L.A. attorney will be tried separately from Pellicano
Prominent Los Angeles entertainment attorney Terry N. Christensen will be tried separately from private investigator Anthony Pellicano and his other co-defendants, a federal judge ruled Tuesday, just days before Hollywood’s big wiretapping trial was set to begin.
The decision by U.S. District Judge Dale S. Fischer removes the only marquee name from the list of defendants in the long-awaited trial, which is slated to start Feb. 27 with jury selection.
“We are very pleased with the decision,” attorney Terree Bowers said outside the courtroom, standing next to a beaming Christensen. “We have said for a while that he should not be [prosecuted] with the other people, and we are grateful that the court has agreed.”
Prosecutors had no comment on the judge’s ruling, one of just a few to go against the government in the long-running case.
The Pellicano investigation, with its hints of celebrity secrets and skulduggery in executive suites, has long riveted Los Angeles’ legal and entertainment circles. Christensen, 67, was one of more than a dozen people charged in an FBI probe -- into the alleged bribery of law enforcement officers, high-tech eavesdropping, blackmail, witness intimidation and other bids to corrupt the judicial system -- that has centered on investigator-to-the-stars Pellicano, who is accused of wiretapping celebrities including Sylvester Stallone and Keith Carradine.
Christensen is charged with paying Pellicano $100,000 to wiretap the former wife of Christensen’s longtime client, Kirk Kerkorian, to gain a tactical edge in a bitter child-support case between the billionaire and his wife, Lisa Bonder Kerkorian. Christensen had long helped Kerkorian, one of the nation’s richest people, oversee a vast empire that includes the MGM Grand and Bellagio hotels and, until last year, the MGM studio.

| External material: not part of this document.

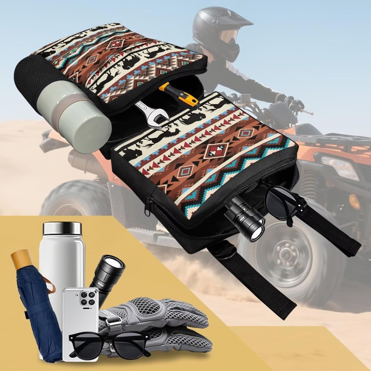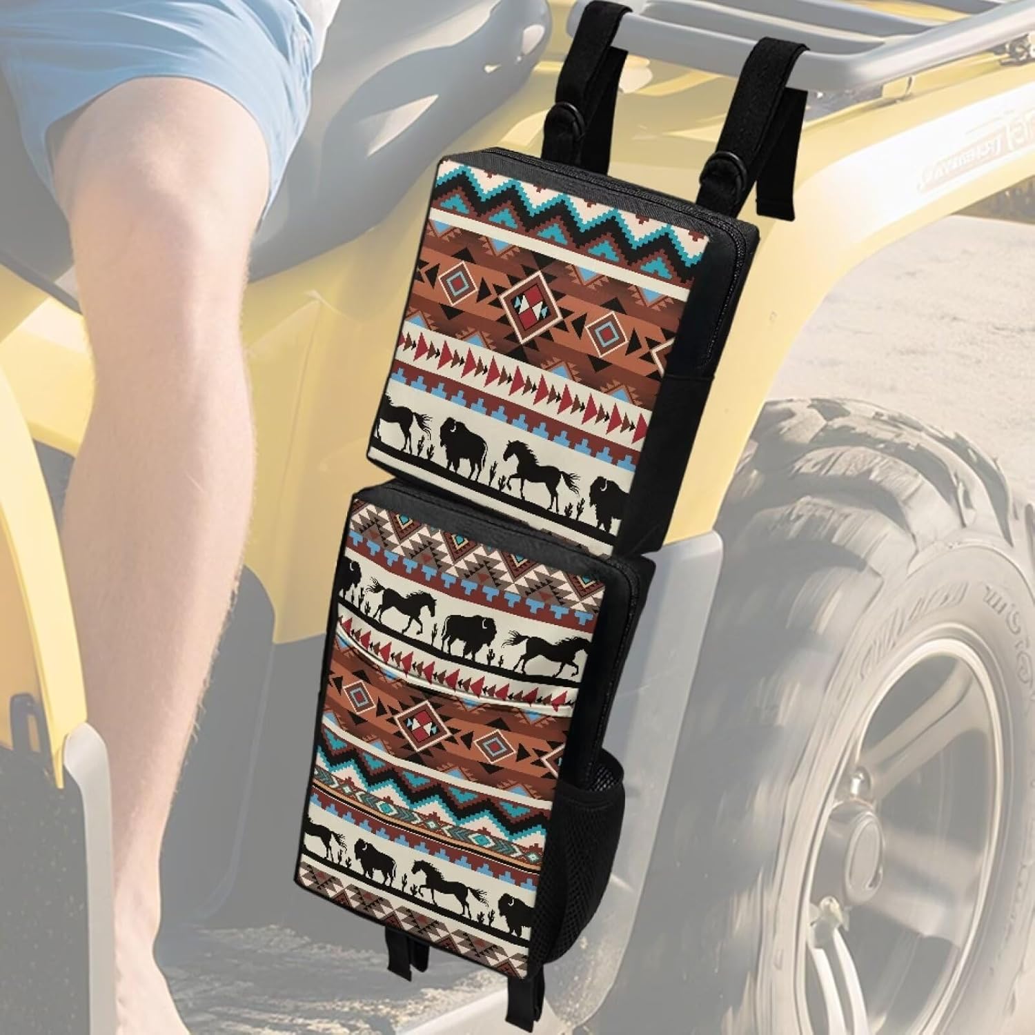 Specification Size : Please check our size chart before ordering Material: polyester Package: 2 PCS Feature Do you need to hold a lot of stuff on your ATV? Are you tired of carrying bulky luggage rack bags or suitcases? 2-pack ATV fender bags are great value for extra storage. You can quickly and easily reach without having to stop and mess with a large storage box. Fender bag for ATV will not interfere with any operations at all. Universal ATV storage bags fit most ATVs. The different compartments are fine for keeping things separated. You can store your gloves, small tool kits, flashlights, maps, snacks, med kits, rain gear, etc. Our ATV fender bags will keep your items as clean and dry as when you put them in the ATV gear bag. Washing Instructions It is recommended to wash by hand and wash with cold water. Do not soak for a long time, do not bleach, and do not exposed to sunlight for a long time Notes We are committed to providing you with high quality products and excellent service. If you have any questions or need further information, please feel free to contact us

According to the indictment, the wiretapping of Lisa Kerkorian began March 15, 2002, when an attorney called Pellicano and told him to contact Christensen about “going after” the wife’s attorney in the child-custody dispute. During snippets of alleged conversations included in the indictment, Pellicano alluded to eavesdropping on conversations between Lisa Kerkorian and her attorneys that could help Christensen with a court hearing. Pellicano also told Christensen to “be careful” about the information he was receiving from the private eye because “there is only one way for me to know this,” the indictment said. From the outset, however, Christensen insisted that he had never participated in wiretapping and turned to Pellicano only to investigate death threats and extortion attempts against Kirk Kerkorian and his young daughter.
His attorneys argued that even the indictment posited only a minor role for Christensen in Pellicano’s schemes, spanning three months -- from March to May 2002 -- and two of 111 indictment counts, one each of conspiracy and wiretapping.
In the last several months, as a mountain of government documents and tapes were shared with defense attorneys, Christensen’s lawyers said that trying him with the other defendants would prejudice his chances at acquittal.
“This is a big win for the Christensen defense,” said Loyola Law School professor Laurie Levenson, who has closely followed the case.